Inadequate funding hampers revenue formula review, says RMAFC Chairman

Mr Elias Mbam, Chairman, RMAFC

The new revenue formula has been delayed till next year.


Efforts by the Revenue Mobilization Allocation and Fiscal Commission, RMAFC, to give the country a new revenue allocation formula may have suffered a setback, as the Chairman of the Commission, Elias Mbam, says inadequate funding is the greatest hindrance to the process.

The Chairman, who was briefing reporters on the issue in Abuja on Wednesday said the success of any effort to review the existing formula for a new one is dependent on several variables, chief among them inadequate funding.

“The success of the effort to review the existing revenue formula and come up with a new one depends on certain variables, one of such being funding.” Mr. Mbam said. “The Commission remains optimistic that funding from the 2013 budget might address the funding challenges.

“Funding is required to finance the travel arrangements of 37 members to all parts of the country, hire consultants, carry out workshops as well as other sundry logistics required to help receive inputs from various stakeholders. This is much.”

Mr. Mbam was not forthcoming on the exact date the new revenue formula would be released. He, however, said the Commission is working towards next year if the necessary funding required to complete the assignment becomes available.

On the contentious issue between the states and oil producing communities about the use of the 13 per cent derivation funds, Mr. Mbam pointed out that the provisions of the RMAFC Act does not allow the Commission to release money to oil producing communities, rather to advise state governments to use the fund to develop the communities where oil exploration takes place.

“The 13 per cent derivation fund is meant to address the challenges that may arise as a result of oil production,” he said, adding that any aggrieved oil producing community is free to come forward with presentations during the review of the new revenue formula, particularly on how best the 13 per cent derivation should be handled.

On the face-off between Bayelsa and Rivers states on the ownership of five oil wells in Soku, the RMAFC chairman said the Commission would maintain the status quo by leaving the oil wells in Bayelsa state.

“The status quo remains (on the issue), and that is that the oil wells for now belong to Bayelsa state. It is an old issue, and the RMAFC is not doing anything differently until the National Boundary Commission, NBC, completes its assignment and the Supreme Court gives a final ruling on the matter.”

On the allegation that revenue from Soku oil field was being attributed to Bayelsa state, Mr. Mbam said the RMAFC is relying solely on the decision of the Presidential Committee on the Verification of Oil wells of December 2000, which comprised representatives from the office of the Vice President, National Security Adviser, Department of State Security, National Boundary Commission, RMAFC, the Nigerian Navy, Department of Petroleum Resources, DPR, and the office of the Surveyor General of the Federation, which retained the oil wells in Bayelsa state.
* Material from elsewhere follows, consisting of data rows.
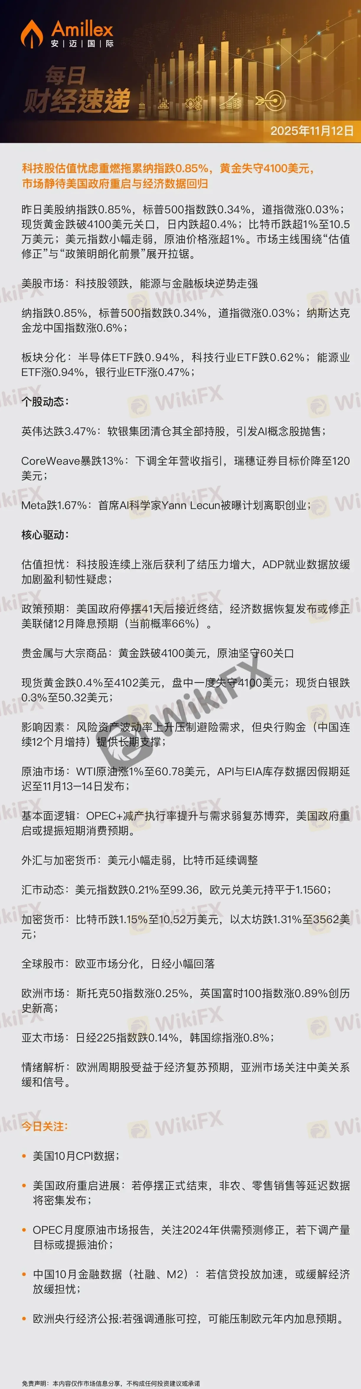 科技股估值忧虑重燃拖累纳指跌0.85%,黄金失守4100美元,市场静待美国政府重启与经济数据回归
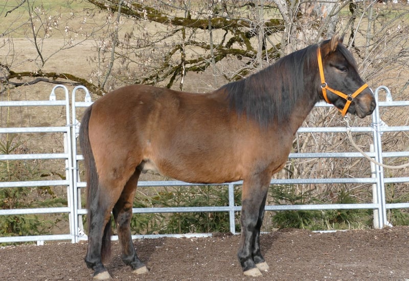 Huzule Wallach 5j. Dunkelbraunfalbe Stm. 143cm. rahmiger, kompakter, hübscher Typ mit guten GGA und viel Ausstrahlung; geritten und gefahren; sicher im Gelände, er besticht durch seine Selbständigkeit und seinen Mut bei der Arbeit; gehorsam im Umgang, - Ein zukunftspferd, der auf der Suche nach seinen Bezugspersonen ist!, schmiede u verladefromm, für Offenstall geeignet, in der Herde verträglich
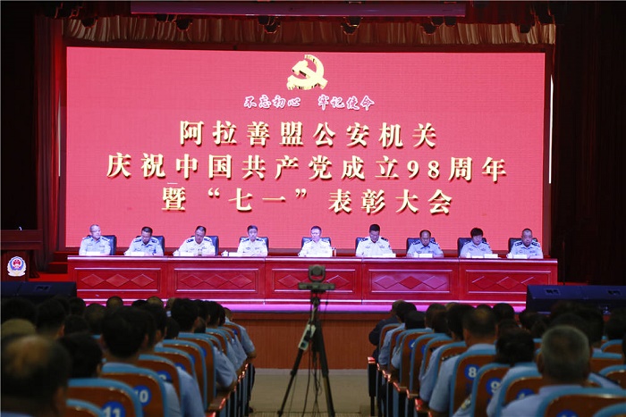 6月30日上午,在中國共產(chǎn)黨98歲華誕來臨之際,阿拉善盟公安機(jī)關(guān)隆重召開慶祝中國共產(chǎn)黨成立98周年暨“七一”表彰大會(huì)。副盟長、盟公安局黨委書記、局長賈境文出席會(huì)議并作講話,盟公安局在家黨委成員、盟公安局機(jī)關(guān)、阿左旗公安局、邊境管理支隊(duì)、森林公安局全體黨員民警在主會(huì)場(chǎng)參會(huì),各旗區(qū)公安(分)局全體黨員民警在分會(huì)場(chǎng)參會(huì)。會(huì)議由盟公安局黨委副書記、副局長敖巴特爾主持。

In addition, he said the Commission is holding on to the Supreme Court judgment of Tuesday, July 10th 2012, which stated that “until the National Boundary Commission concludes its exercise of delineation of the disputed boundary to finality, it will be futile and premature to determine the boundary of the two party states in the present circumstance. However, the appropriate order to be made in the prevailing circumstance is that of striking out the plaintiff suit.”

He disputed claims by the Kalabari National Forum that President Goodluck Jonathan connived to take away some communities from Rivers state and hand them over to Bayelsa state for political reasons. He said that such claims are baseless and a calculated attempt to misinform the unsuspecting general public and embarrass the RMAFC.
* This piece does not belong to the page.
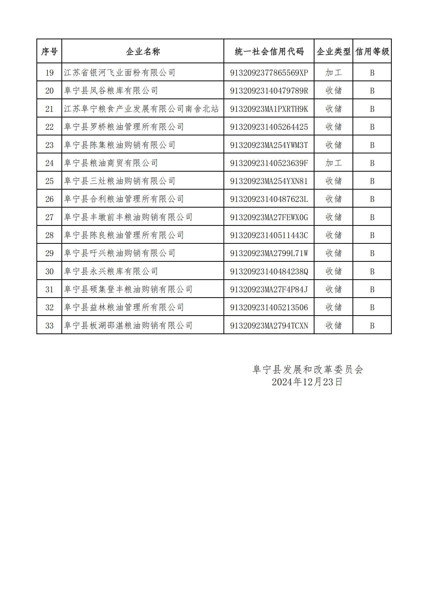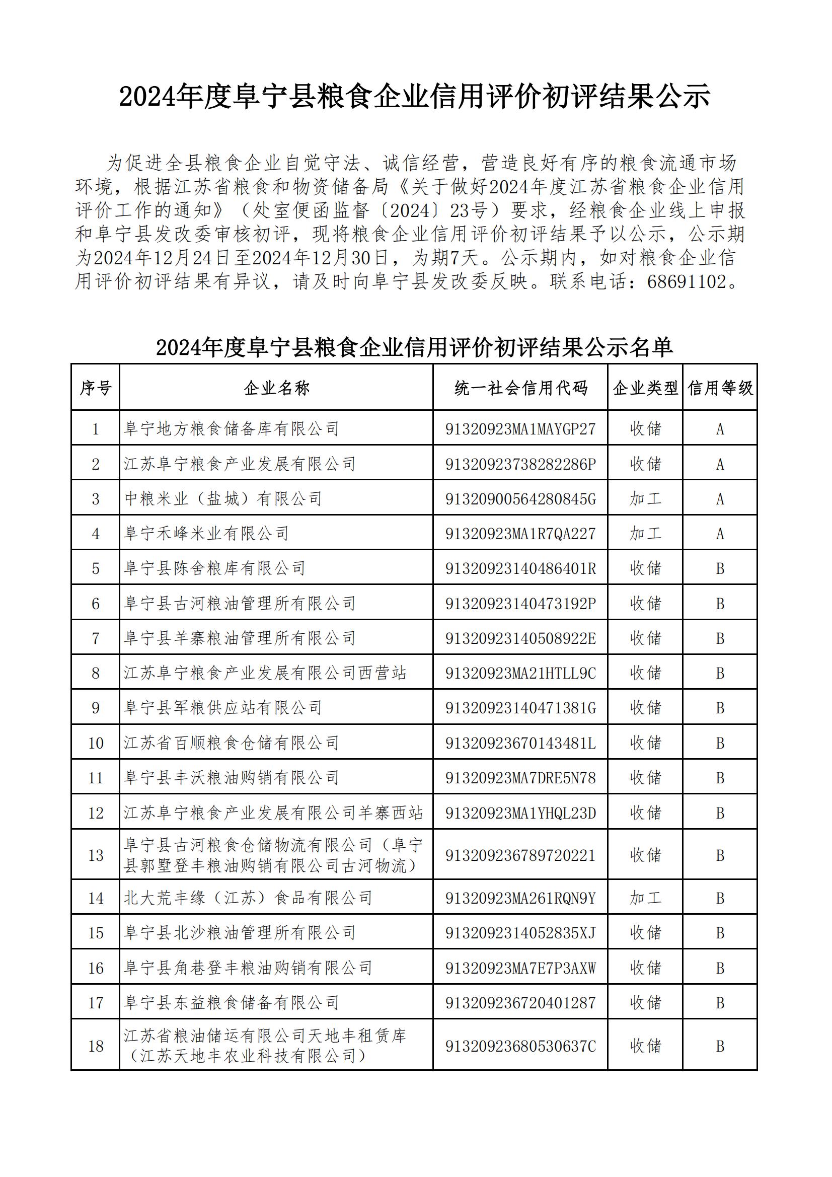 2024年度阜宁县粮食企业信用评价初评结果公示
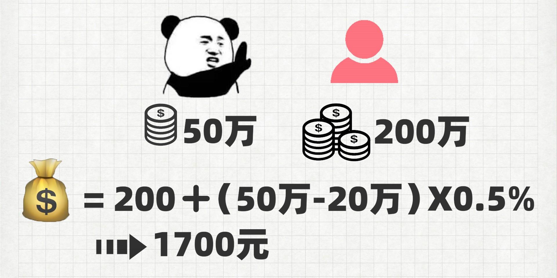 举个例子:小蓝和小红离婚,需要法院进行处理的共同财产一共有200万。按照这个标准,基础收费如果以200元来算,加上180万元的0.5%也就是9000元,案件受理费一共需要9200元。

Mr. Mbam urged all parties to exercise restraint and allow peace to reign pending when the National Boundary Commission completes its assignment on the delineation of boundaries between the two states, since it was not the responsibility of the RMAFC to adjust boundaries or determine location of oil wells.

Bayelsa state, he said, has already sent a petition to the Commission, which resulted in the constitution of an inter-agency committee, comprising of the National Boundary Commission, Department of Petroleum Resources, DPR, the office of the Surveyor General of the Federation and the offices of Surveyors-General of Bayelsa and Rivers states, to review the issues.

The committee is expected to look at the details of the petition to determine where the disputed oil wells belongs, while the DPR would determine the content and quantity of the oil wells

He however said that the National Boundary Commission would be expected to complete its assignment first before the determination of the state that owns the wells.